The FEN cleaves target molecules that form the invasive complex,
resulting in a gap between the nucleic acid probe hairpin and the
target nucleic acid molecule. It is contemplated that the inclusion
of RecJ with or without a ssDNA binding protein increases the
efficiency of the cleavase reaction thereby allowing for increased
sensitivity in the cleaving of the invasive complexes. Ligase
repairs the gap, covalently attaching the target molecule to the
probe. If the invasive complex does not form, then the FEN does not
cleave and the target molecule is not ligated to the probe. Unbound
molecules are subsequently separated from the bound targets by
washing.

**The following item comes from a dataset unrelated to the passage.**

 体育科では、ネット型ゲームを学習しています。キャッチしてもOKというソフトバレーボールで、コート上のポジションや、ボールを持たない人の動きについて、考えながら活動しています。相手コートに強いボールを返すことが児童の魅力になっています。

Since the target molecules are covalently attached to the
probes on the substrate, washing can be performed with much higher
stringency that those afforded to non-covalently bound
hybridization methods, thereby increasing the removal of
non-specifically bound, non-target molecules and greatly improving
capture specificity and signal-to-noise ratios.

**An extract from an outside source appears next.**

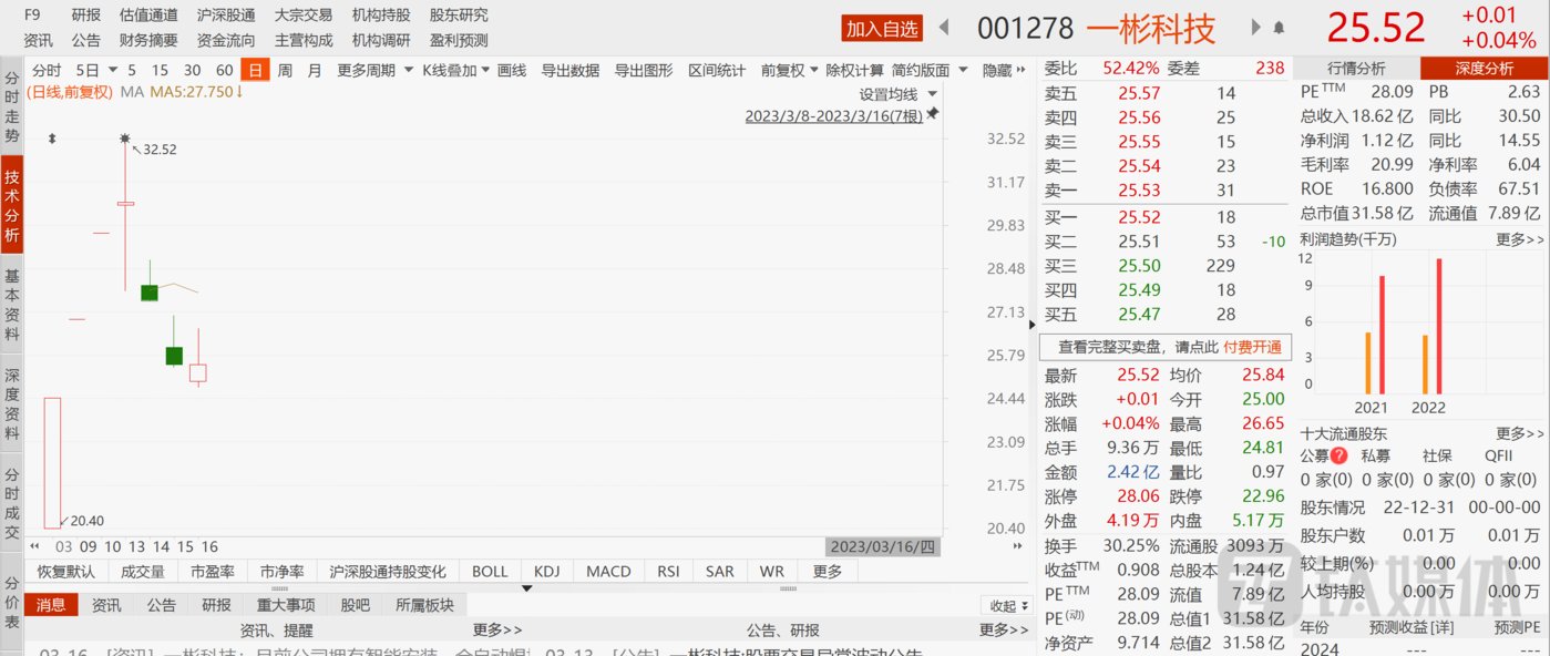 上市已久的汽车零部件股受到影响,最近上的新股也受到波及。一彬科技(001278.SZ)在上市四天后就打开涨停板,并且连续遭遇两个跌停板,截至3月16日,股价收报25.52元,总市值31.58亿元。

[0062] In some embodiments, target molecules that bind to the probe
are identified by a detectable means (e.g. colorimetry, radiometry,
fluorometry, gel electrophoresis, etc.) using data analysis
instruments and software as described herein and as known to a
skilled artisan.
[0063] As the target molecules are covalently bound to the probes,
the arrays are capable of being washed with high stringency for
removal of unbound, non-target molecules thereby allowing for
increased reduction of background signal and increasing an assay's
signal-to noise ratio. Applications of the present invention
include, but are not limited to, comparative genomic hybridization
(CGH), single nucleotide polymorphism genotyping, gene
transcription profiling, genome methylation analysis, chromatin
immunoprecipitation mapping, and the like.

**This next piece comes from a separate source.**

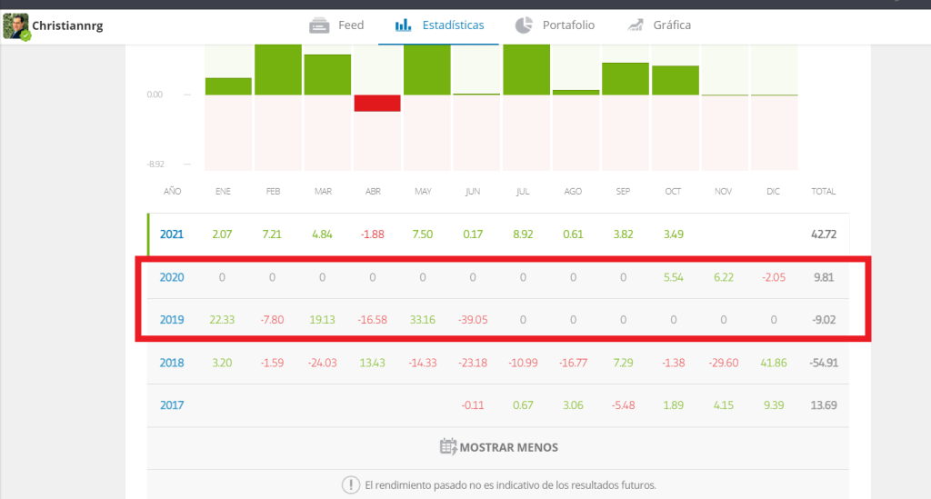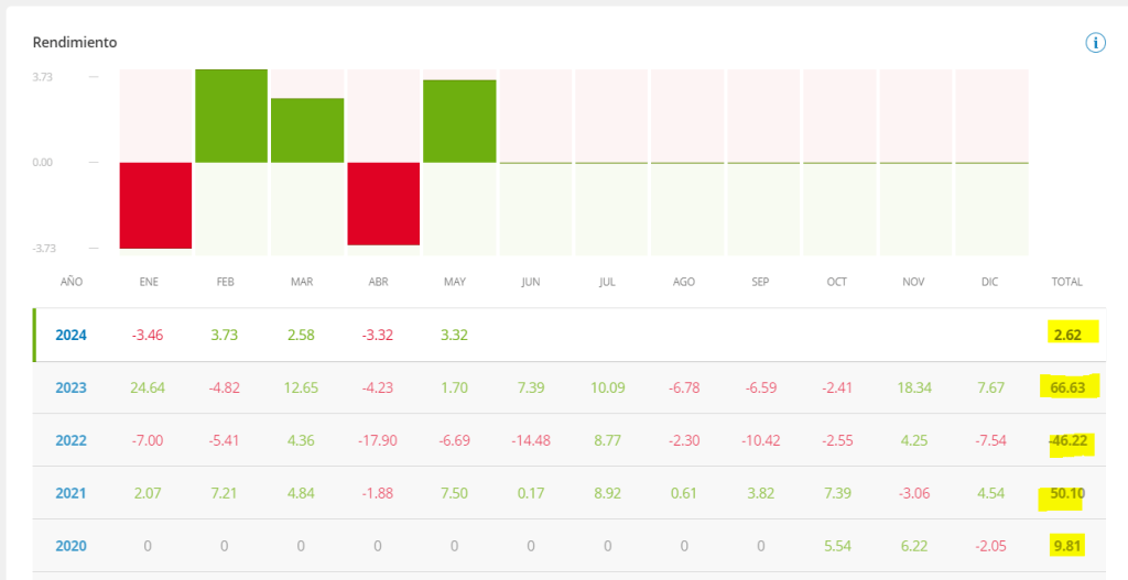 Dicho esto, la razón por la que se me hace super interesante esta función, es porque hay gente que tiene rendimientos de HASTA 70% anuales fruto de sus operaciones. Y un simple mortal, sin conocimiento ni experiencia, puede replicar dicho comportamiento.

[0064] In some embodiments, the present invention provides assays
and methods for target capture of DNA for, for example, high
throughput sequencing applications and other downstream
applications.
[0065] In some embodiments, nucleic acid probes are in solution and
bound at their 5' ends to a capturable moiety, for example a biotin
moiety (FIG. 2). The nucleic acid probes further comprise a 5'
region that is single stranded and complementary to a target
sequence and a 3' terminal region that comprises a hairpin
structure comprising a loop of single nucleotides bounded by a
double stranded region of complementary nucleic acids as previously
described. In some embodiments, the hairpin structure is at least 5
bases, 10 bases, at least 12 bases, at least 14 bases, at least 16
bases, at least 18 bases long. In some embodiments, the probes are
at least 15 nucleotides (nts) long, at least 20 nts, at least 25
nts, at least 30 nts, at least 35 nts, at least 40 nts, at least 45
nts, at least 50 nts, at least 55 nts, at least 60 nucleotides
long. It is contemplated that the probe is preferably less than 100
bases. In some embodiments, the hairpin sequences comprise
cleavable sequences for releasing the bound target sequences from
the probe following ligation. For example, the hairpin sequences
comprise a restriction endonuclease (RE) site or one or more
uracils. The nucleic acid probes are incubated with a complex
target population of nucleic acid strands (e.g., DNA, cDNA, gDNA,
RNA, mRNA, tRNA, etc.), for example fragmented human genome DNA
(gDNA), under conditions that favor hybridization of complementary
DNA strands such that fragments of the genome complementary to the
single stranded portion of the 5' end of the nucleic acid probe
specifically hybridize to the probe. In some embodiments, the
target nucleic acids are labeled on the 3' end with, for example, a
detectable moiety (e.g., fluorophore, chromophore, radioisotope,
etc.).
[0066] When the allele specific base is complementary to the
corresponding base of the target strand, as seen in FIG. 2, the
hairpin and target molecules hybridize and form a specific
structure that is recognized by FEN enzymes. When the base specific
nucleotide is present in the target strand (FIG. 2) FEN cleaves the
target strand on the 3' side of the base thereby releasing the
non-hybridized, or flap, 5' end of the target strand. If the base
is not complementary to the allele specific base, then the invasive
complex does not form, and the target molecule is not cleaved by
the FEN. It is contemplated that the incorporation of RecJ with or
without a ssDNA binding protein in conjunction with a FEN will
increase the efficiency of the cleavase enzyme.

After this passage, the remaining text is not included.